*SUPPLIED DATA*
==================================================
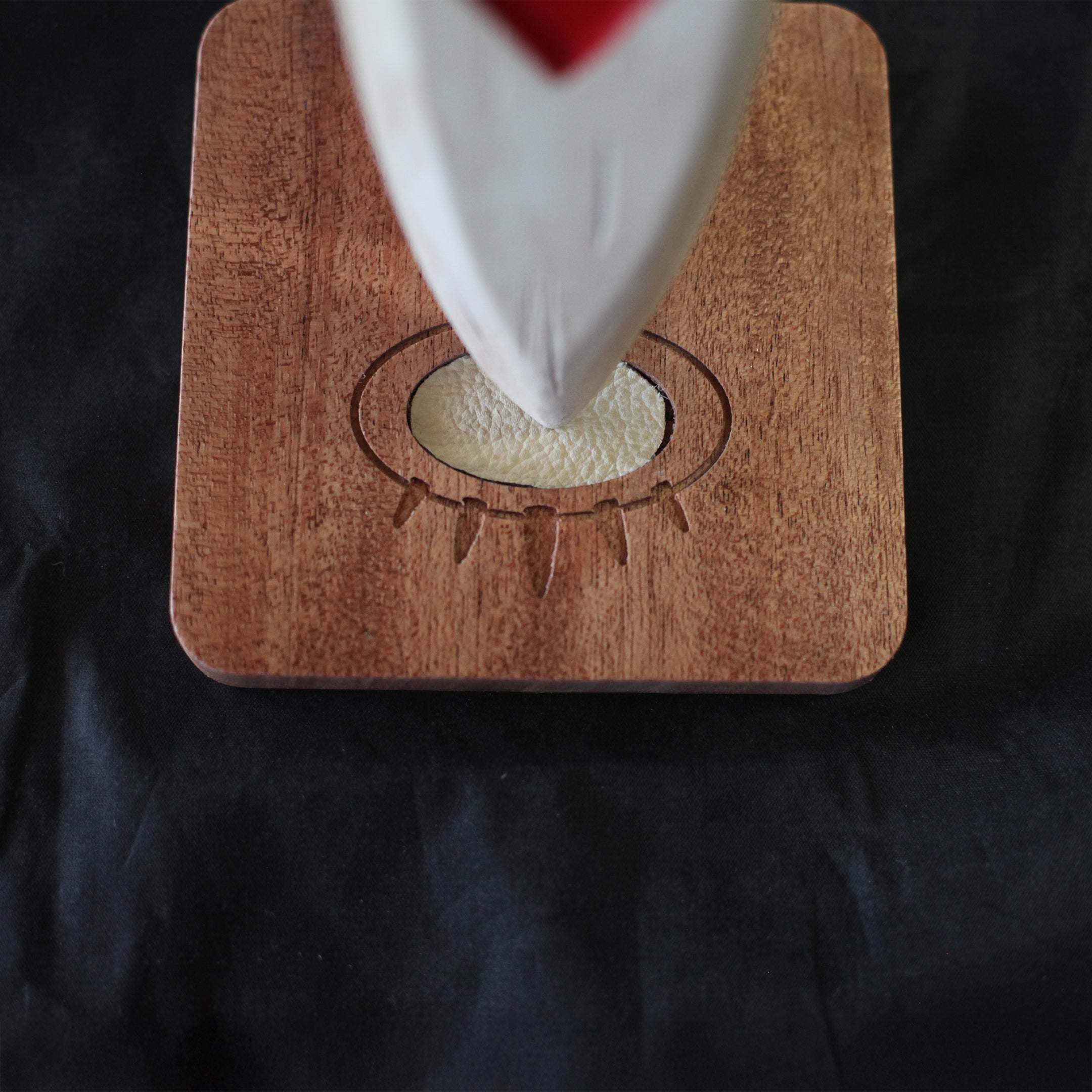 Wood, Leather, Acrylic Paint, Glue, Polycrylic. Comes with display stand.
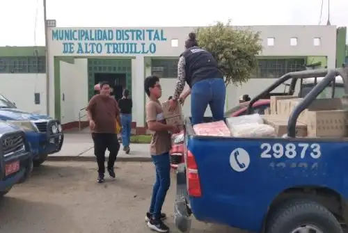 Tras la emergencia, la Municipalidad Distrital de Alto Trujillo gestionó la ayuda humanitaria y fue la encargada de repartir los alimentos a cada una de estas familias que se encuentran en estado de vulnerabilidad, por sus escasos recursos económicos.
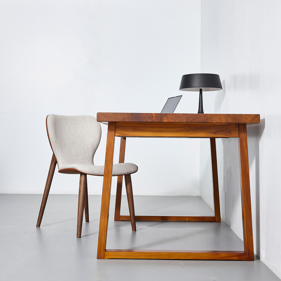 โต๊ะทำงานไม้สักทันสมัย สวยงาม อบอุ่น ทนทาน สะดวกสบาย พร้อมลิ้นชัก 1 ช่อง ขาทรงสี่เหลี่ยมคางหมู สำหรับสำนักงาน ผลิตในอินโดนีเซีย
==================================================
*YOUR OBJECTIVE*
Every last line above must be reproduced as written, and no pictures belong in the copy.

*TASK SOLUTION*
 Wood, Leather, Acrylic Paint, Glue, Polycrylic. Comes with display stand.
 Tras la emergencia, la Municipalidad Distrital de Alto Trujillo gestionó la ayuda humanitaria y fue la encargada de repartir los alimentos a cada una de estas familias que se encuentran en estado de vulnerabilidad, por sus escasos recursos económicos.
 โต๊ะทำงานไม้สักทันสมัย สวยงาม อบอุ่น ทนทาน สะดวกสบาย พร้อมลิ้นชัก 1 ช่อง ขาทรงสี่เหลี่ยมคางหมู สำหรับสำนักงาน ผลิตในอินโดนีเซีย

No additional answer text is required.